[RECORDS FOR THIS EXERCISE — start]

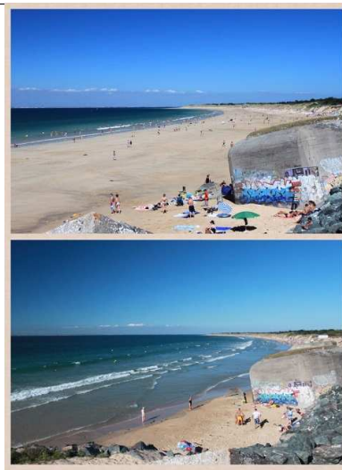
alta e bassa marea

12/08-lun Il sole ci dà il buongiorno anche oggi e quindi rimaniamo sull'isola, deciso. Però cambiamo paese; torniamo verso sud ed in pochi km raggiungiamo Le Bois Plage en Re , dove in 10 metri ci sono ben 3 possibilità di sosta: il Camping Les Amis de la Plage, con piscina e tutto il resto (a circa 26,00 €), una AA sempre dello stesso camping con 35 posti (a 12,10€), e poi, di fronte alle due strutture, un P per camper con 15 posti (gratis). Troviamo posto nel P gratis, e ci sistemiamo.
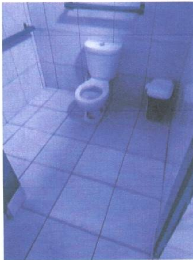
Imagem 10 – Vaso infantil

Lucas de Barros Montetes Engenheiro civil CREA-MA 111983915-7
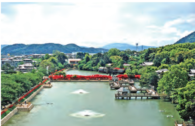
八条ヶ池周辺地区全景。水上橋・キリシマツツジ・老舗料亭・一般住宅などが公園と境内の木々の中に溶け込み、一帯で調和のとれた景観を成している。

この水景、緑景、生活景が一体となった景観は観光的価値を高めることにもつながっているようだ。また、四季を通じた様々な催しを行うことで広く市民に愛される場となっており、今後も市民交流の中心として多くを期待できる。現在、長岡京は京都や大阪のベッドタウンとして利便性の高い都市でありながら、歴史に育まれた景観を守り活用し、後世に受け継いでいこうとする官民の弛まぬ努力はそれによって創出される景観的価値とともに充分大賞に値する。(富田)

[RECORDS FOR THIS EXERCISE — finish]

• [PROBLEM REQUIREMENTS]
From the line containing "八条ヶ池周辺地区全景。水上橋" through the last line of the entries above, print each line exactly as it stands.

• [ANSWER AREA]
八条ヶ池周辺地区全景。水上橋・キリシマツツジ・老舗料亭・一般住宅などが公園と境内の木々の中に溶け込み、一帯で調和のとれた景観を成している。

この水景、緑景、生活景が一体となった景観は観光的価値を高めることにもつながっているようだ。また、四季を通じた様々な催しを行うことで広く市民に愛される場となっており、今後も市民交流の中心として多くを期待できる。現在、長岡京は京都や大阪のベッドタウンとして利便性の高い都市でありながら、歴史に育まれた景観を守り活用し、後世に受け継いでいこうとする官民の弛まぬ努力はそれによって創出される景観的価値とともに充分大賞に値する。(富田)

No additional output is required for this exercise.